Weighted Least Connections
What if you have both problems? Different server capacities AND request heterogeneity?
Combine Weighted Round Robin and Least Connections!
The Concept
Instead of picking the server with the fewest connections, pick the server with the fewest connections relative to its weight.
Formula: score = connections / weight
Lower score = better choice
Example:
Server 1: 10 connections, weight 5 → score = 10/5 = 2.0
Server 2: 4 connections, weight 2 → score = 4/2 = 2.0
Server 3: 3 connections, weight 1 → score = 3/1 = 3.0
Server 1 and 2 are tied at 2.0, both are good choices.
Server 3 has a higher score, meaning it's relatively more loaded.

Implementation
type WeightedLeastConnections struct {
backends []*WeightedBackend
mux sync.RWMutex
}
func NewWeightedLeastConnections() *WeightedLeastConnections {
return &WeightedLeastConnections{
backends: make([]*WeightedBackend, 0),
}
}
func (wlc *WeightedLeastConnections) AddBackend(backend *Backend, weight int) {
wlc.mux.Lock()
defer wlc.mux.Unlock()
wb := &WeightedBackend{
Backend: backend,
Weight: weight,
}
wlc.backends = append(wlc.backends, wb)
}
func (wlc *WeightedLeastConnections) GetNextBackend() *Backend {
wlc.mux.RLock()
defer wlc.mux.RUnlock()
var best *WeightedBackend
var bestScore float64 = -1
for _, wb := range wlc.backends {
if !wb.Backend.IsAlive() {
continue
}
// calculate score: connections / weight
// lower is better
conns := float64(wb.Backend.GetConnections())
score := conns / float64(wb.Weight)
if best == nil || score < bestScore {
best = wb
bestScore = score
}
}
if best == nil {
return nil
}
return best.Backend
}
Random Selection
Yes, random.
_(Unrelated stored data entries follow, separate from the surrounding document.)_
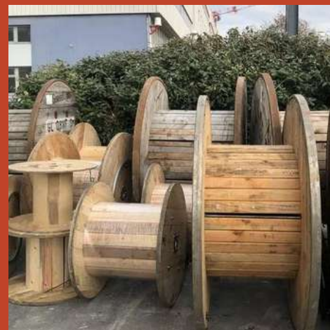
LES TOURETS ↗
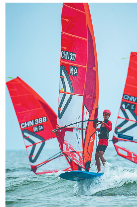
运动员驾驶帆板在琼海博鳌海域冲浪。
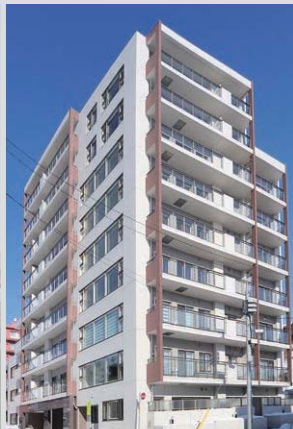
フランス澁川パークフロント (北海道)
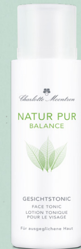
NATUR PUR BALANCE Gesichtstonic

Bei empfindlicher Haut gilt die Regel: Je sanfter, desto besser. Das milde Reinigungsgel entfernt Make-up, Staub und Umweltgifte sanft und trotzdem gründlich. Jojobaöl bewahrt die Haut vor dem Austrocknen und spendet Feuchtigkeit. Schisandra-Extrakt und grüner Tee beugen Irritationen vor und beleben.
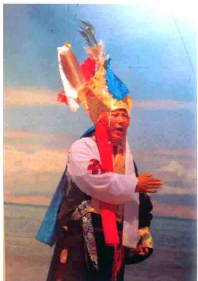
图39 青藏高原上的格萨尔歌手
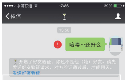
两年不联系，却被前女友拉黑。

“她居然把我拉黑了！！！” 大半夜的，我哥们儿大白给我发来这样的信息。他一向是性情平稳的男人，从不会在深夜打扰别人，也不会如此气愤，出啥事了？
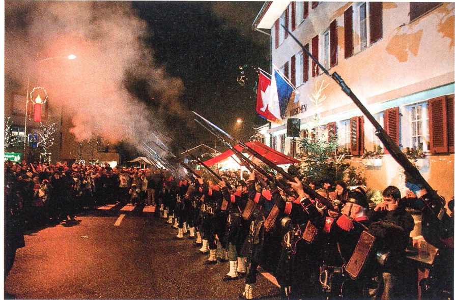
«Feuer frei!» zu Ehren von Bundesrat Maurer.
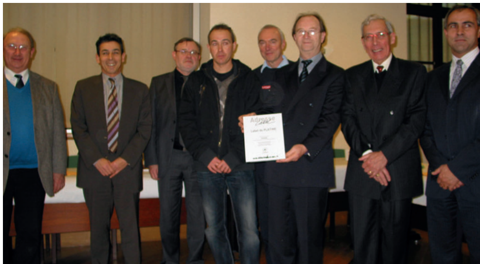
Chevaigné reçoit le premier label "Adresse" de Platine le 10 décembre 2010, à l'occasion de la signature de la charte entre le SDIS 35 et La Poste.

97 611 foyers d'Ille-et-Vilaine, soit 26,9 % sont considérés comme ne bénéficiant pas d'une adresse complète 20 communes ont signé la charte
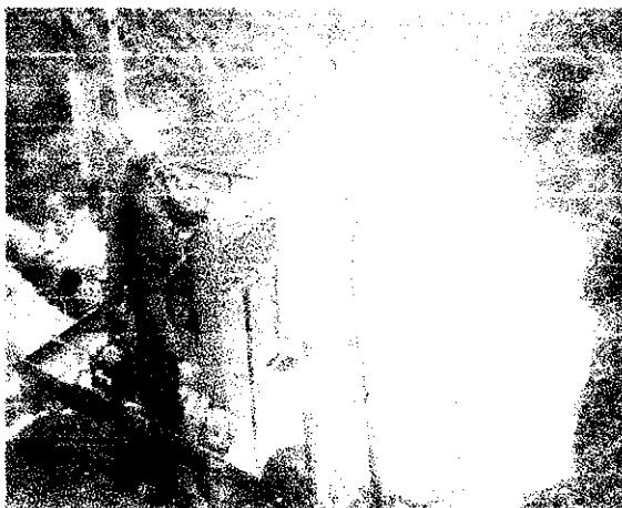
Imagen 3. Piscina de succión
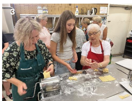
Zdjęcia 2-4: Warsztaty kulinarne w Domu Orła Białego w Geelong
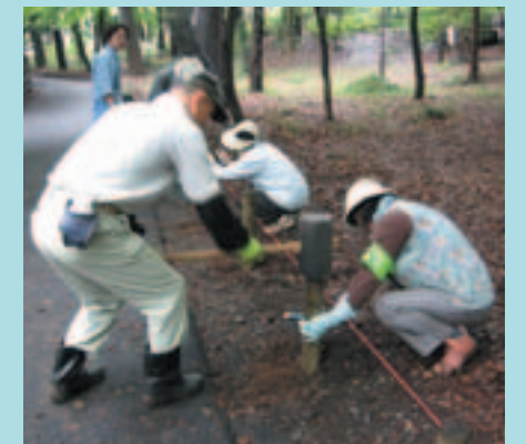
ロープ柵の設置なども
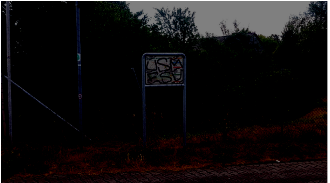
Abbildung 5: Karte mit den Kostheimer Rundwanderwegen an der Hochheimer Straße, Ecke Mühlweg
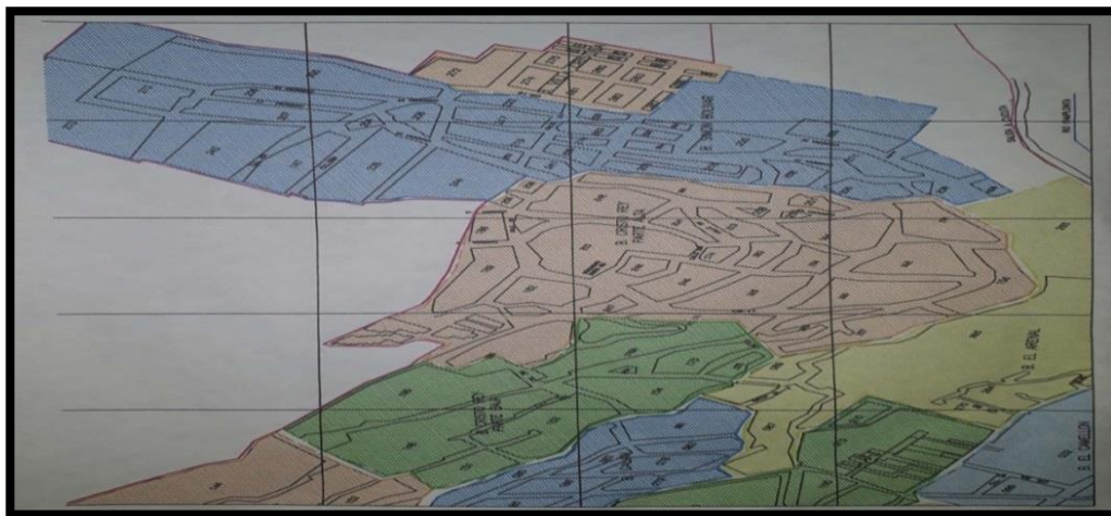
Figura 1: Mapa del Barrio Cristo Rey
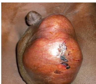
Figure 6 : cancer du testicule

I know it sounds dumb. But bear with me.
Why Random Actually Works
With a large number of servers (say, 100+), random selection gives you pretty even distribution due to the law of large numbers.
100 servers, 1,000,000 requests, random selection:
Expected: each server gets ~10,000 requests
Actual: each server gets 9,800 - 10,200 requests
Standard deviation is small relative to the mean.
Good enough for many use cases!
Pros:
- Dead simple to implement
- O(1) selection time (no scanning through servers)
- No shared state (no mutex needed for selection)
- Works well with many servers
Cons:
- Not great with few servers (variance is high)
- Doesn’t consider server capacity or current load
Implementation
type RandomSelection struct {
backends []*Backend
mux sync.RWMutex
}
func NewRandomSelection() *RandomSelection {
return &RandomSelection{
backends: make([]*Backend, 0),
}
}
func (rs *RandomSelection) AddBackend(backend *Backend) {
rs.mux.Lock()
defer rs.mux.Unlock()
rs.backends = append(rs.backends, backend)
}
func (rs *RandomSelection) GetNextBackend() *Backend {
rs.mux.RLock()
defer rs.mux.RUnlock()
var healthy []*Backend
for _, b := range rs.backends {
if b.IsAlive() {
healthy = append(healthy, b)
}
}
if len(healthy) == 0 {
return nil
}
return healthy[rand.Intn(len(healthy))]
}
Power of Two Choices
Now here’s where it gets interesting. Power of Two Choices (P2C) is a genius algorithm that gives you most of the benefits of Least Connections with much less overhead.
The Problem with Least Connections
To pick the least-loaded server, you need to check ALL servers:
10 servers: Check 10 connection counts
100 servers: Check 100 connection counts
1000 servers: Check 1000 connection counts
O(n) per request. With high traffic, this adds up.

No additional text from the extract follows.